● Task prompt
Reproduce the listing below in full and without alteration, apart from its pictures.

(Beginning of Entries supplied)

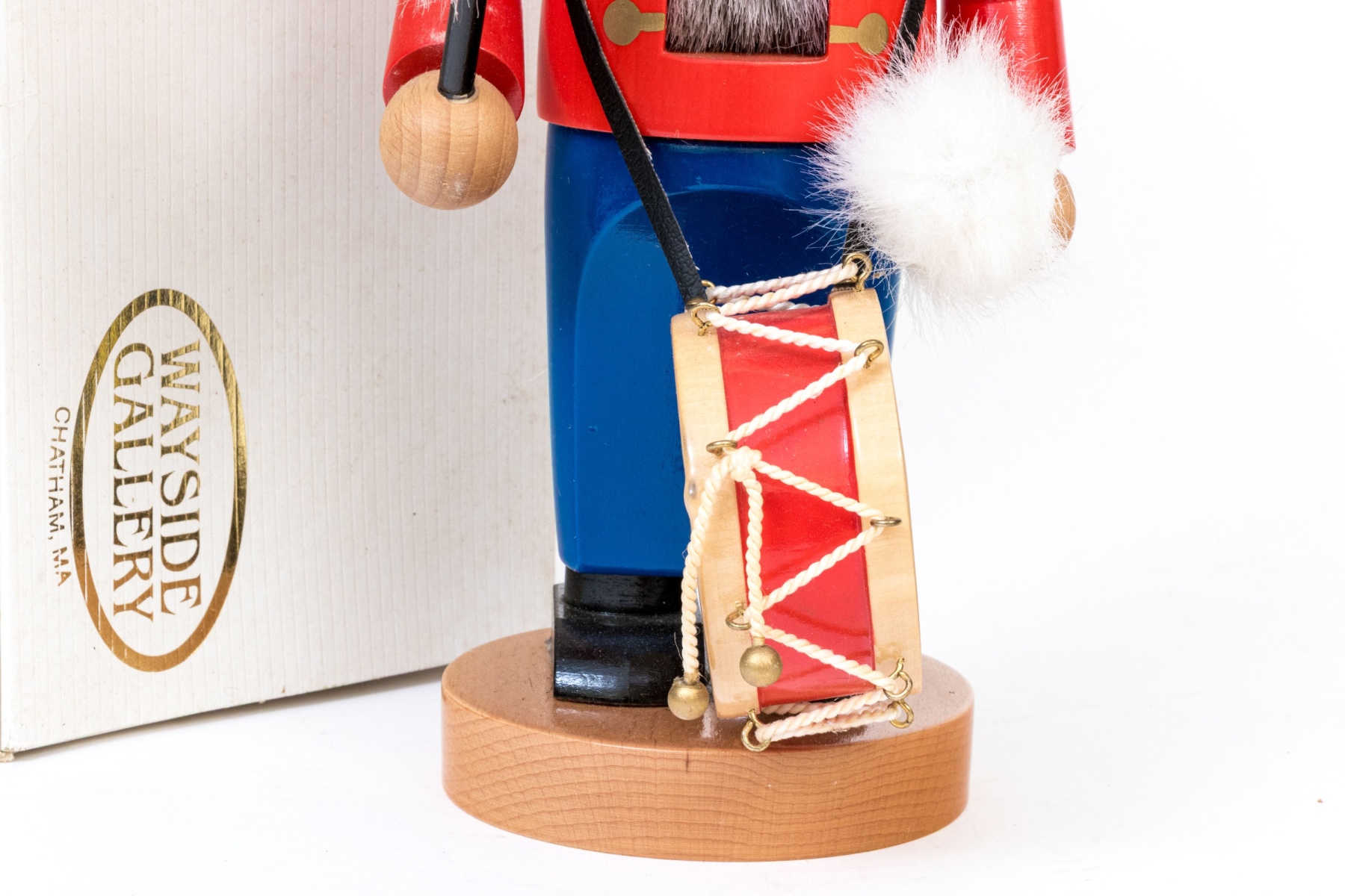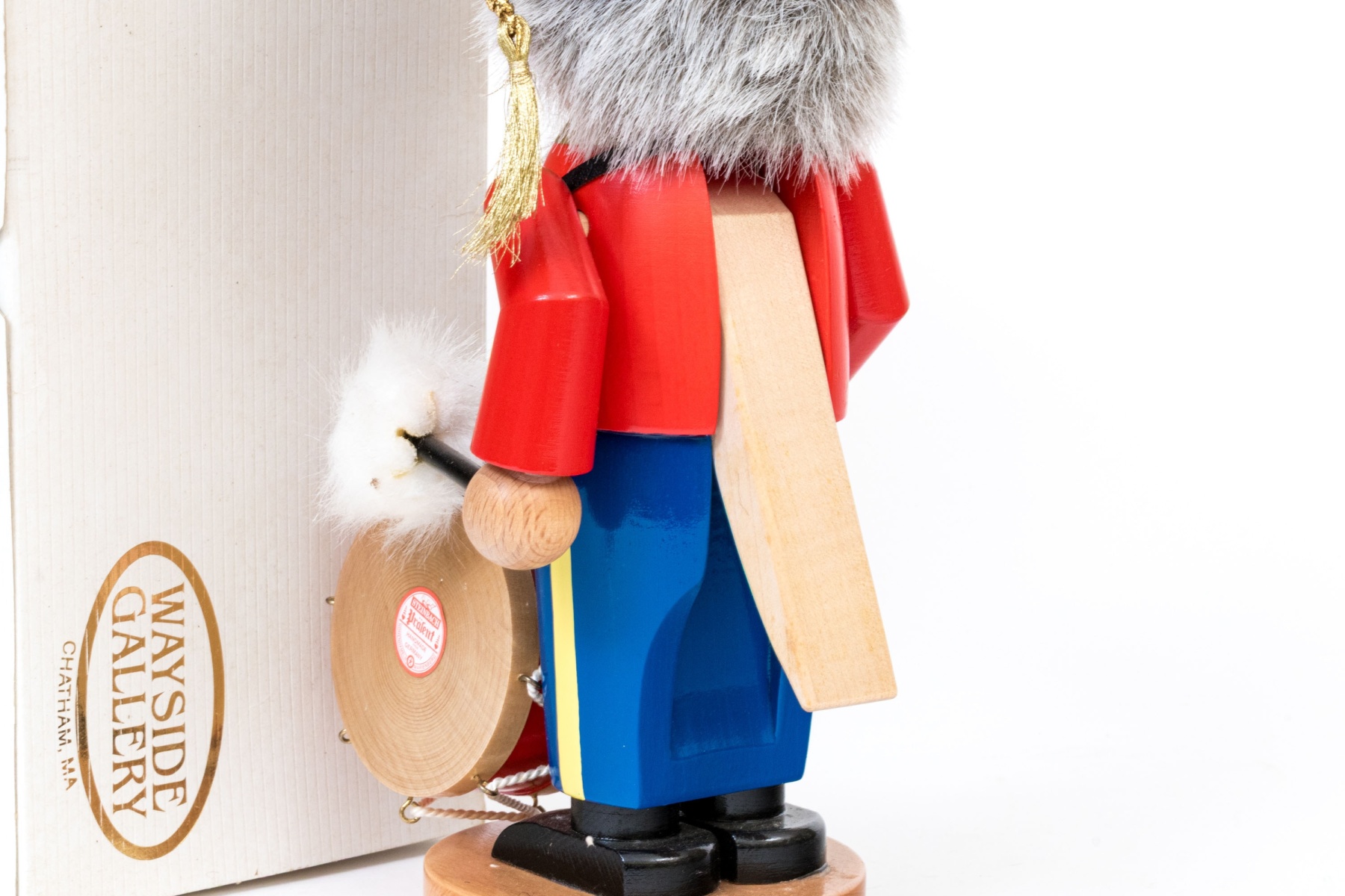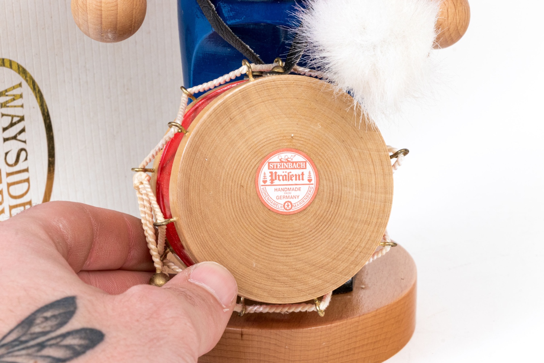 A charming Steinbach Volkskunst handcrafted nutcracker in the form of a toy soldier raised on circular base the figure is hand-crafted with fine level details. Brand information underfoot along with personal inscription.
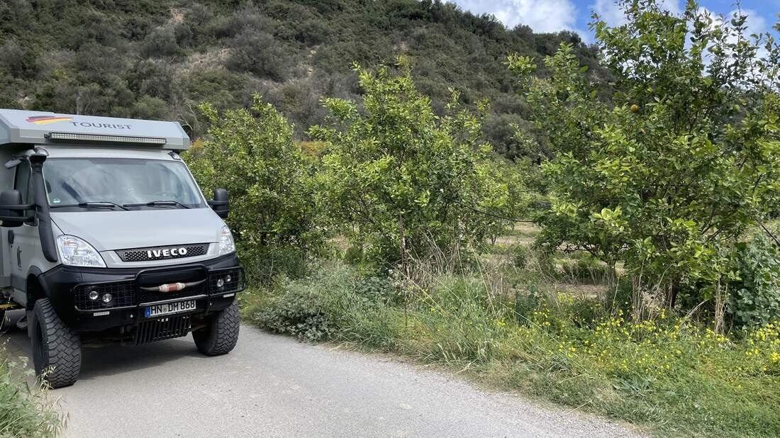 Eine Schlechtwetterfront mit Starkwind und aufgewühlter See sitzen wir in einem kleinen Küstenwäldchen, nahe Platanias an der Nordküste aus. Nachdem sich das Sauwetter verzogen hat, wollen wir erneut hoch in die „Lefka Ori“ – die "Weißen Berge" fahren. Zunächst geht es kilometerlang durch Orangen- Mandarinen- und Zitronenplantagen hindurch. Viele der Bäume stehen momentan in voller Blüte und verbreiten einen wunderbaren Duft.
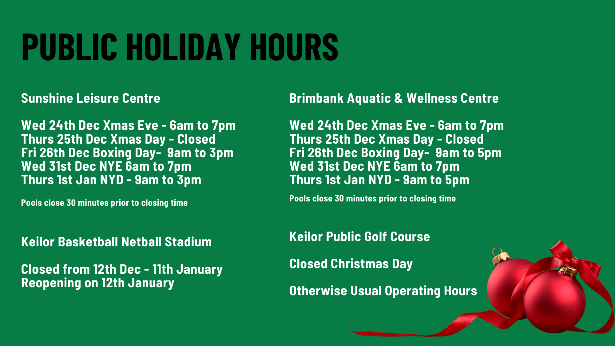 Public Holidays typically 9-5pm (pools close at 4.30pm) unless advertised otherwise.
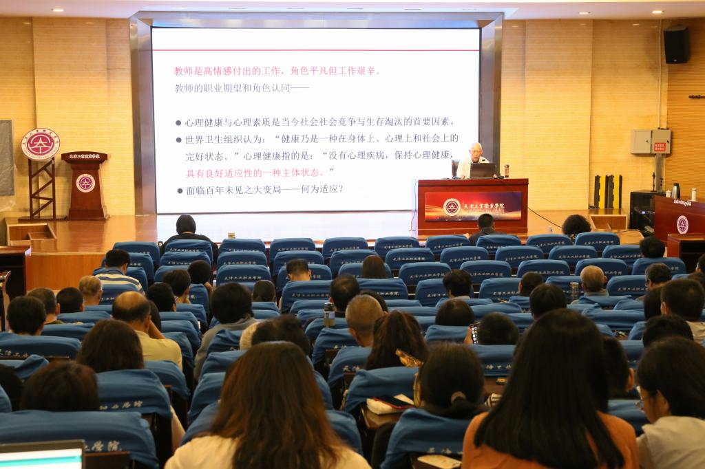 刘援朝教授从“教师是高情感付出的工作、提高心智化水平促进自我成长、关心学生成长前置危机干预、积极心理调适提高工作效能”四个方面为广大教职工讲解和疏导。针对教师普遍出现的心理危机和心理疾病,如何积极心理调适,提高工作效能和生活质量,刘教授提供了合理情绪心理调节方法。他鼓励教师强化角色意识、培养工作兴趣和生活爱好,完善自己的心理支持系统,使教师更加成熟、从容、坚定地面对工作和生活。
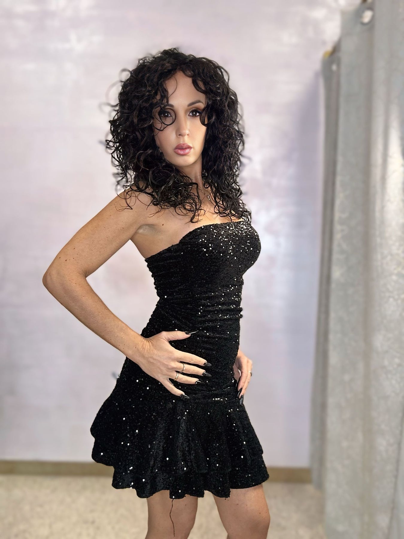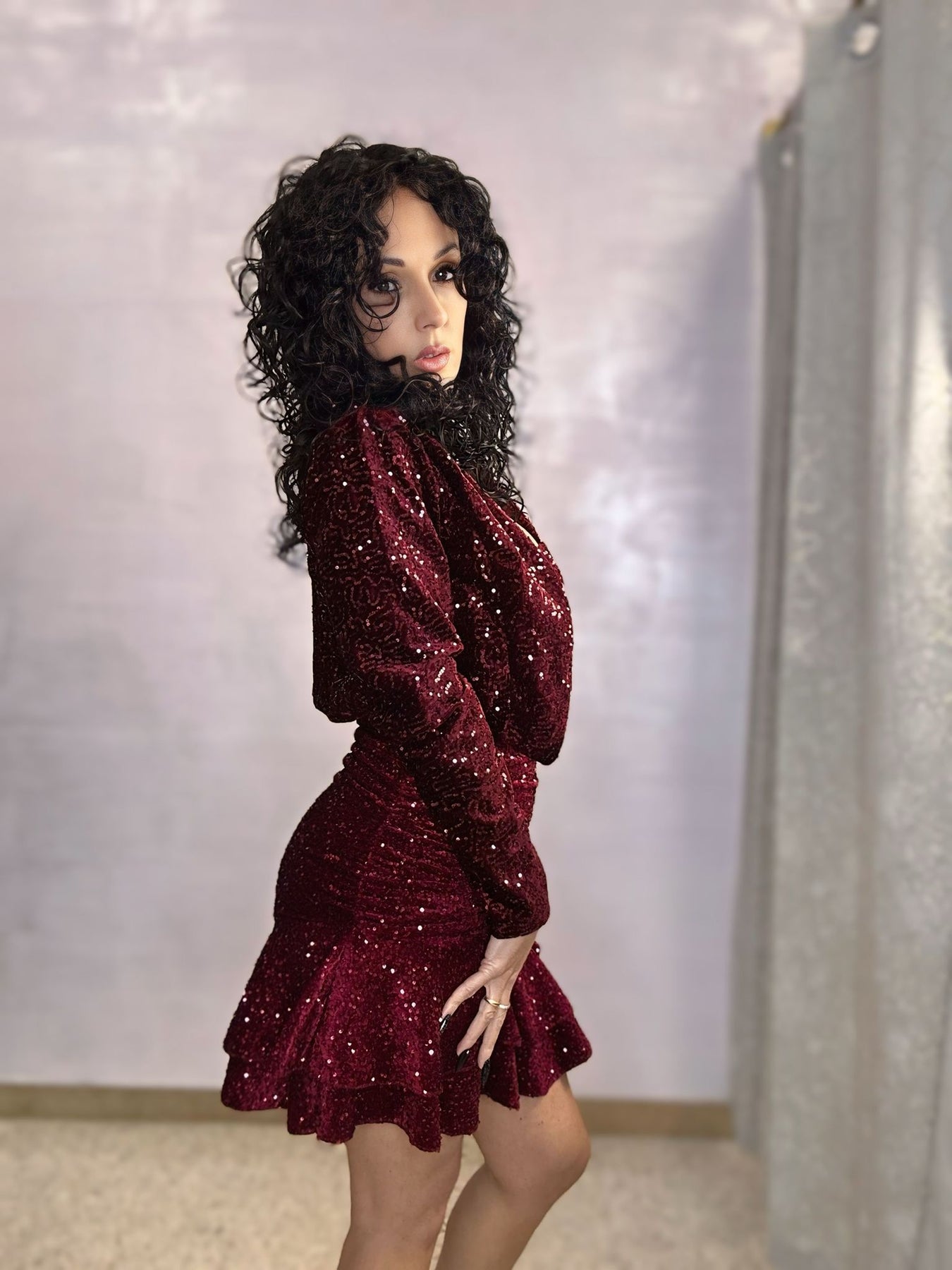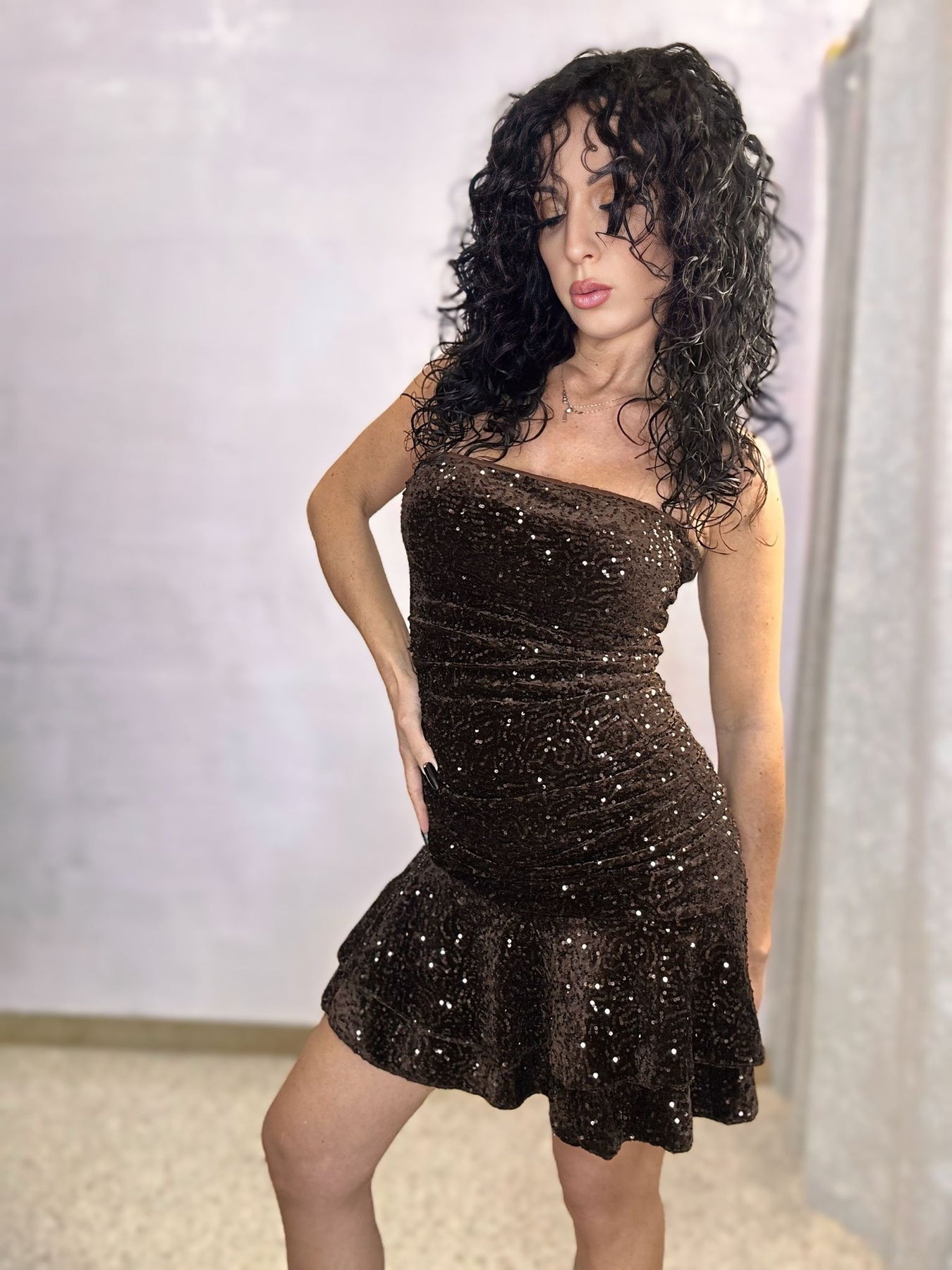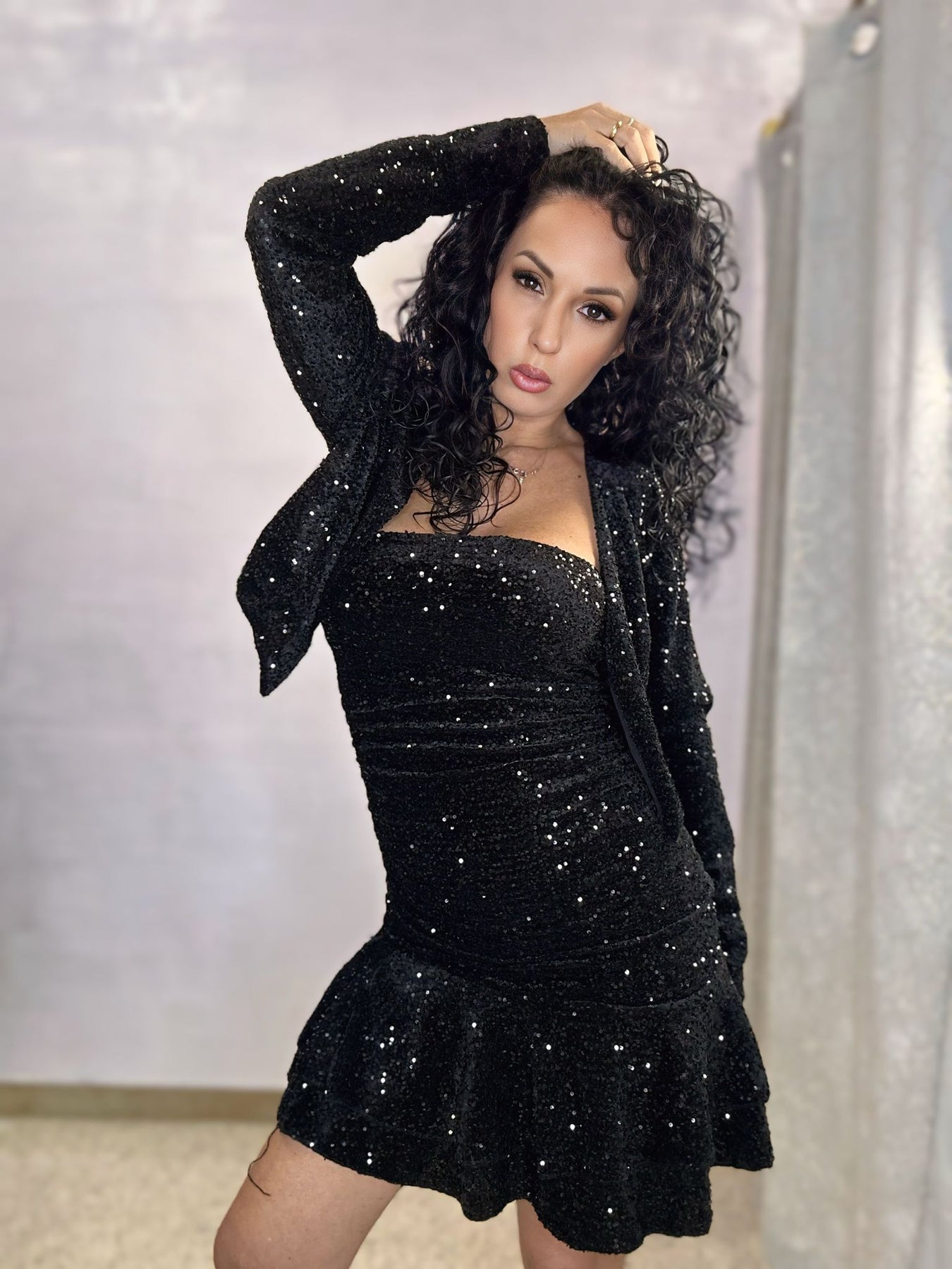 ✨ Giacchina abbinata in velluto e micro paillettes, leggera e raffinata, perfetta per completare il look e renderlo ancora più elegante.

(End of Entries supplied)

● Exercise answer
 A charming Steinbach Volkskunst handcrafted nutcracker in the form of a toy soldier raised on circular base the figure is hand-crafted with fine level details. Brand information underfoot along with personal inscription.
 Eine Schlechtwetterfront mit Starkwind und aufgewühlter See sitzen wir in einem kleinen Küstenwäldchen, nahe Platanias an der Nordküste aus. Nachdem sich das Sauwetter verzogen hat, wollen wir erneut hoch in die „Lefka Ori“ – die "Weißen Berge" fahren. Zunächst geht es kilometerlang durch Orangen- Mandarinen- und Zitronenplantagen hindurch. Viele der Bäume stehen momentan in voller Blüte und verbreiten einen wunderbaren Duft.
 Public Holidays typically 9-5pm (pools close at 4.30pm) unless advertised otherwise.
 刘援朝教授从“教师是高情感付出的工作、提高心智化水平促进自我成长、关心学生成长前置危机干预、积极心理调适提高工作效能”四个方面为广大教职工讲解和疏导。针对教师普遍出现的心理危机和心理疾病,如何积极心理调适,提高工作效能和生活质量,刘教授提供了合理情绪心理调节方法。他鼓励教师强化角色意识、培养工作兴趣和生活爱好,完善自己的心理支持系统,使教师更加成熟、从容、坚定地面对工作和生活。
 ✨ Giacchina abbinata in velluto e micro paillettes, leggera e raffinata, perfetta per completare il look e renderlo ancora più elegante.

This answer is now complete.